Crime, Justice and Society in Medieval and Early Modern Times : Thirty Years of Crime and Criminal Justice History

By Xavier Rousseaux and Kevin Dwyer

Crime, Histoire & Sociétés /Crime, History & Societies, Vol. 1:1 (1997)

Detail of a miniature of Cain murdering Abel.

Abstract: This article, prepared as a tribute to H.A. Diederiks, sketches a panorama of the research and writing of the history of crime in Europe since the 1960s. It begins by tackling the historiographical roots of this new area before moving on to discuss the kinds of sources which have been used and the ways in which they have been exploited. The principal results of thirty years of research into the profile of crime and criminals, of penal repression and the maintenance of order are traced. Finally, a comparative reading of the contribution of the history of crime and criminal justice to social history, and of social history to the history of crime and justice urges a closer integration of penal history with social history.

Introduction: The historiography of the variety of subjects which are grouped under the generic term « History of Crime and Criminal Justice » is not easy to unravel. As a relatively new area of history, this sub-discipline does not have any long-established tradition, nor any institutional points of reference, nor any specialised research implements at its disposal.

The first organised study group to appear in the area was the Nederlandse Werkgroep Strafrechtgeschiedenis, founded in 1973 notably by Herman Diederiks. The group organised two international meetings in 1977 in Amsterdam and Leiden devoted to the history of crime, and another at the Economic and Social History Conference in Edinburgh in 1978. Following on from these, the International Association for the History of Crime and Criminal Justice was established as became the first regular meeting point of researchers who until then had been dispersed in various branches of history – as well as combining institutional and legal, economic and social, political, anthropological and cultural, with the practices of other researchers in the social sciences (jurists, criminologists, sociologists, anthropologists).

Between 1978 and 1995, the association organised a number of intercontinental conferences and about twenty thematic colloquia, which mainly took place, most appropriately, at the Maison des Sciences de l’Homme in Paris. They also began publishing a Newsletter in 1972, subsequently called the Bulletin.

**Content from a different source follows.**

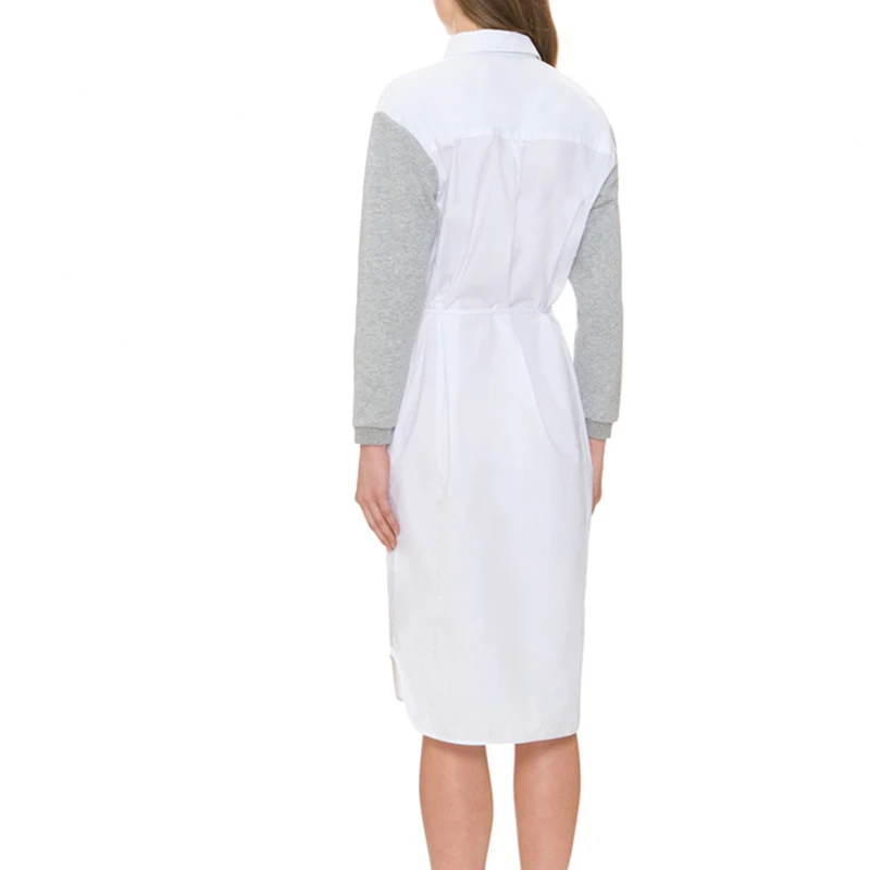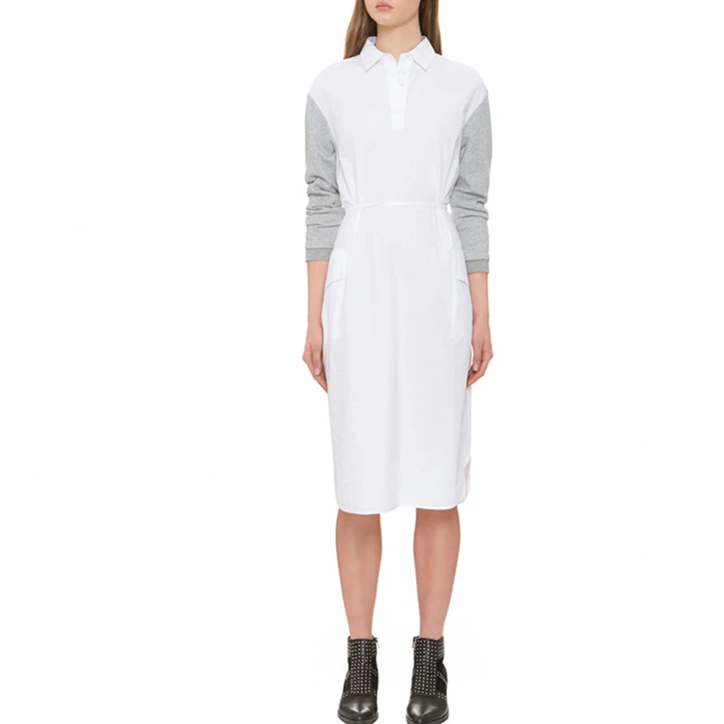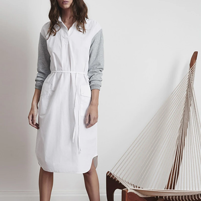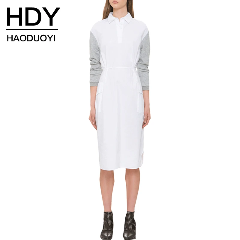 HDY Haoduoyi White 40.1% Cotton Pockets A-line Dress Sexy Turn Down Collar Drawstring Mid Dress Street High Waist Casual Dress | |||||||||||||||||||||||||||||||||||||||

In a short time, signs of maturity in this new research domain have multiplied, extending from the creation of national networks of Crime and Criminal Justice historians as in Germany, to international networks created within associations such as the Social Science History Association to specialised sessions at international meetings such as the recent International Congress of Historical Sciences or the newly-created European Social Science History Conference, and, finally, to specialised journals and reviews.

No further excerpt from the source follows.